Behördendokumente zu Umweltanforderungen, Lärmgrenzen und Arbeitsverfahren zeigen, warum die Absenkung des Fehmarn-Tunnels besonders anfällig für Verzögerungen ist.

Eine Herausforderung nach der anderen stellt den Zeitplan für den Fehmarnbelt auf die Probe.
Veröffentlicht Geändert

Es klingt einfach: Senken Sie 89 Betonelemente auf den Meeresboden ab und verbinden Sie sie zu einem 18 Kilometer langen Tunnel zwischen Lolland und der deutschen Insel Fehmarn. In Wirklichkeit ist es eine der komplexesten maritimen Operationen der Welt - und ein Prozess, bei dem selbst kleine Abweichungen das gesamte Projekt verzögern können.

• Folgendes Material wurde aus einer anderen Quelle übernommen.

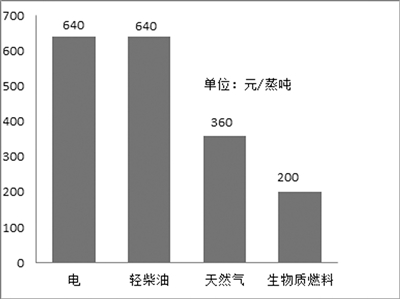 從價格成本來看,輕柴油的價格在每蒸噸640元左右,由于各地電價的差異,估算下來的用電成本和輕柴油的價格相當(dāng);天然氣的價格為每蒸噸360元。由于受到收購、破碎、烘干、成型、運輸?shù)瘸杀疽蛩氐挠绊?,生物質(zhì)燃料價格目前在每蒸噸200元左右。
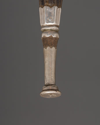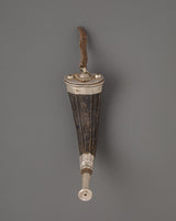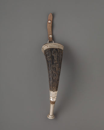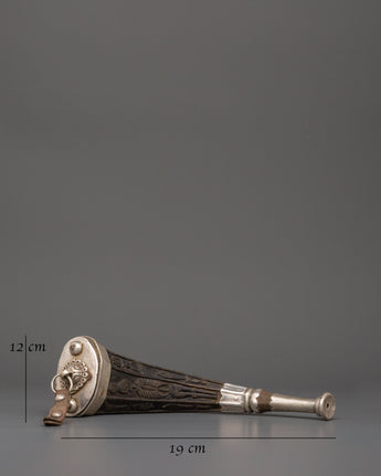 The snuff horn is meticulously crafted, with delicate silverwork that enhances the inherent beauty of the yak horn. The horn is said to have mystical significance, evoking power and perseverance while serving as a channel for energy during ceremonies. The silver decorations and design features remind one of the spiritual journey one takes with each use of the horn. It is more than a decorative piece; it is also a valuable instrument for spiritual activities and meditation experiences.

Der Fehmarn-Tunnel wird der längste Absenktunnel der Welt für Autos und Züge. Wenn er fertiggestellt ist, werden Züge in weniger als drei Stunden zwischen Kopenhagen und Hamburg fahren können, und Autofahrer werden die Überquerung des Gürtels in etwa zehn Minuten bewältigen. Doch hinter der Vision verbergen sich eine Reihe von Herausforderungen, die nur in den internen technischen und umweltbezogenen Dokumenten sichtbar werden, die die Behörden zur Steuerung der Arbeiten verwenden.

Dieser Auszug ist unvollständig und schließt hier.